Russia PMI June 2019

Russia: Economic conditions deteriorate as manufacturing PMI drops to 11-month low and services sector contracts

The manufacturing Purchasing Managers’ Index (PMI) produced by IHS Markit slid from 49.8 in May to 48.6 in June, marking the third consecutive month of deterioration and the lowest reading since July 2018. As a result, the index moved further below the critical 50-point mark, signaling that activity in the manufacturing sector contracted for the second month running.

June’s reading reflected a downturn in new business activity which dropped for the first time in 10 months amid sliding real purchasing power of Russian consumers and weak external demand. This, in turn, led to falling output, which dipped for the first time in nine months. Softening client demand also prompted a faster depletion in backlogs of work and brought about another drop in employment after firms had already shed jobs at the fastest pace in over two years in May. Lastly, on the price front, input costs continued increasing in June, although the rate of inflation moderated to a near two-year low. Firms passed higher input charges on to consumer through higher output prices.

Meanwhile, the IHS Markit Russia Services Business Activity Index fell to 49.7 in June, down from 52.0 in May. As such, the index slid into negative territory, marking the first contraction in business activity across the Russian service sector in over three years. New business fell in June, against the backdrop of dire consumer demand conditions which also had a knock-on effect on output growth and employment levels.

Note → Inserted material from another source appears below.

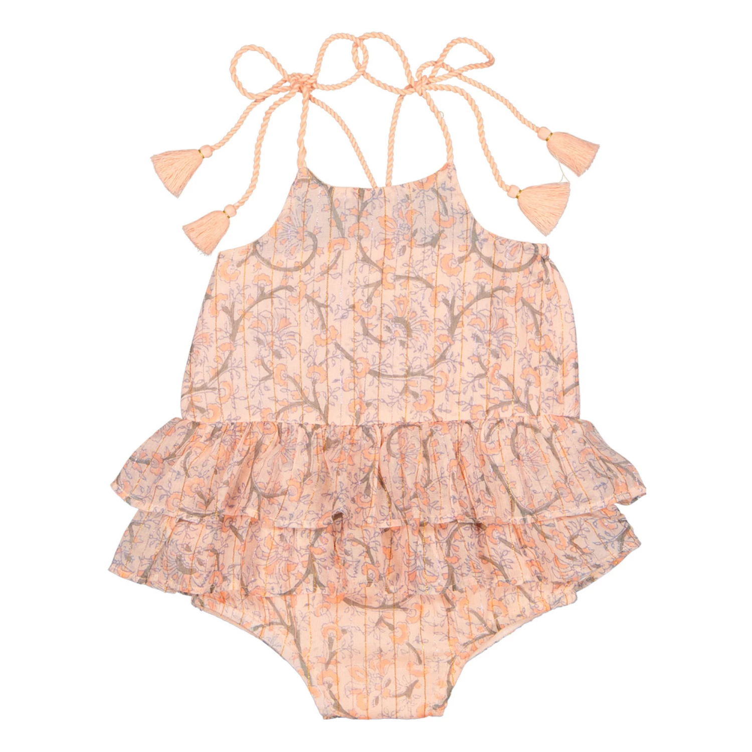 - Frilled yoke, Square neck, Pompom(s), Contrasting top stitch, Tie up straps, Adjustable

Commenting on the report, Sian Jones, an economist at IHS Markit, highlighted deteriorating sentiment in June:

“In line with their manufacturing counterparts, service sector firms signalled lower output expectations, highlighting concerns around client purchasing power and generally weaker demand conditions. At the composite level, private sector firms registered a decline in output and new orders, with manufacturers recording an even faster fall in output than service providers. Meanwhile, rates of input price and output cost inflation softened further from January’s spike, as slower increases in raw material costs and greater pressure to discount charges became apparent.”